Я использую довольно чистую сборку Yosemite 10.10.1 - она ​​была установлена ​​около месяца назад. Я восстановил свои старые файлы с жесткого диска. Они не были восстановлены с помощью Time Machine

slidmac07
источник

Ответы:

2

Это стандартная конфигурация разрешений. Корень вашей домашней папки - глобальное чтение, но стандартные папки OS X, такие как Desktop и Documents, не должны иметь глобального доступа. Не стесняйтесь устанавливать разрешения для других папок, которые вы создаете в корне вашей домашней папки, в соответствии с разрешениями для стандартных папок.

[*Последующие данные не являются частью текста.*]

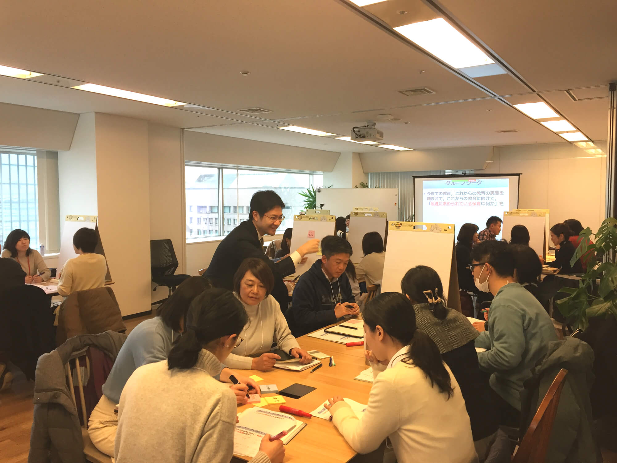 1月26日(日)、保育・幼児教育、発達支援関係者、保育士を目指す方など向けの子育てスキル講座「科学教育・情報教育の研究者にきく!AI時代を生きる子どもたちに生涯必要な『学ぶ力』をはぐくむ保育とは?」を開催しました。どろんこ会グループ職員は本社会場のみならず、北は仙台、南は沖縄まで、9拠点でサテライト会場を設置して参加。今回の講座のテーマでもあったICT(情報通信技術)を活用した学び合いを、Web会議ツールを使って実践しました。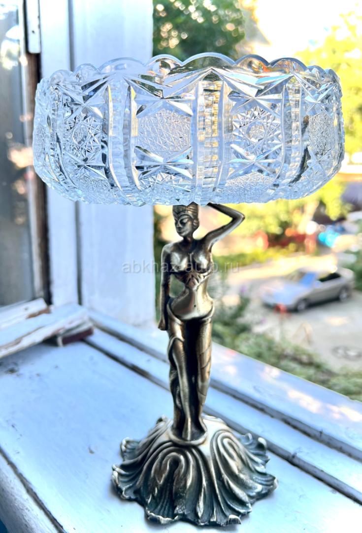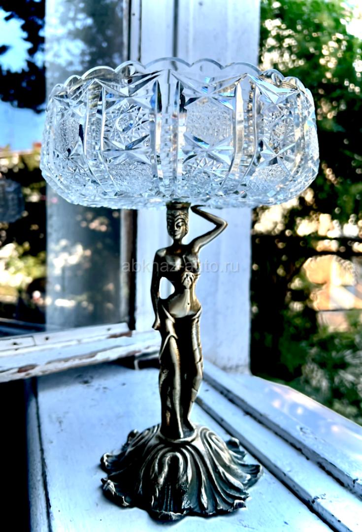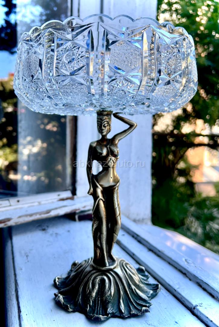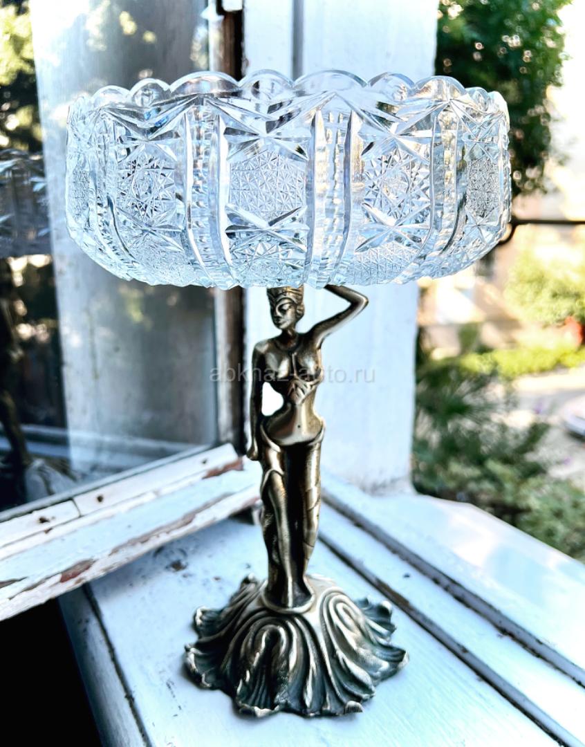 Антикварная хрустальная ваза на бронзовой подставке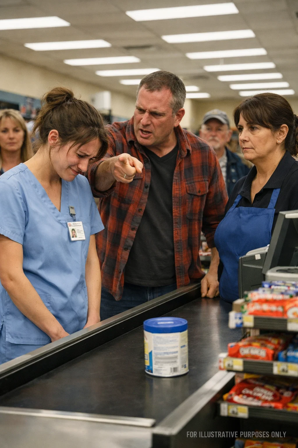 The checkout line was short. One man ahead of me, tossing motor oil and beef jerky onto the conveyor belt like he was in a hurry. And in front of him, a young woman in wrinkled blue scrubs, holding a single can of hypoallergenic baby formula.

Если вы хотите, чтобы новые папки по умолчанию не имели глобального доступа, измените разрешения в корне вашей домашней папки, рекурсивно распространяйте разрешения и настраивайте ACL для наследования разрешений для новых папок, однако я не уверен, что это можно иметь.

Grg
источник
1
Это так интересно .. есть идеи, почему это так? это похоже на странную установку.
slidmac07
Поэтому, прежде чем я разместил здесь, я изменил доступ на корневом уровне и распространил его вниз. Это определенно испортило мой компьютер, и я бы посоветовал людям НЕ менять ACL здесь. После восстановления из резервной копии я решил переместить все не относящиеся к Apple каталоги в определенные папки Apple
slidmac07
@ slidmac07 Если вы абсолютно не уверены, что знаете, что делаете, рекурсивное изменение / распространение разрешений может быть опасным, как вы узнали.
Дуггро
1
@ganbustein: в обычном пре-ACL UNIX каталог, предназначенный только для выполнения, является «проходимым», но не читаемым; бит чтения необходим для фактического перечисления файлов в каталоге. // Да, злоумышленник может проверить все возможные имена, но любая приличная система обнаружения вторжений обнаружит такую ​​схему доступа и выкрикнет фол в скором времени. // Хорошая практика безопасности может сделать ваш домашний каталог ~ доступным (только для исполнения) (в идеале только для ~ / Public и т. Д.), ~ / Public читаемым для всех, а все остальные файлы в ~ не читаемыми или не доступными для всех по умолчанию , включая новые файлы.
Крейзи Глеу
1
Если весь смысл в том, чтобы сделать ~ / Public доступным, я бы предпочел, чтобы Public dir находился вне моего dir пользователя, например, mkdir / Users / Shared / <username> для каждого пользователя.
Amdyes
5

Если вы хотите, чтобы новые папки на верхнем уровне вашей домашней папки по умолчанию не читались никем, кроме вас, добавьте следующие две ACL в вашу домашнюю папку. НЕ РАСПРОСТРАНЯТЬ РАЗРЕШЕНИЯ. Первый ACL делает все новые папки нечитаемыми, недоступными для записи и доступными для поиска всеми. Второй ACL делает исключение для вас. Обязательно вводите их в таком порядке, чтобы вторая запись могла выдвигаться вперед.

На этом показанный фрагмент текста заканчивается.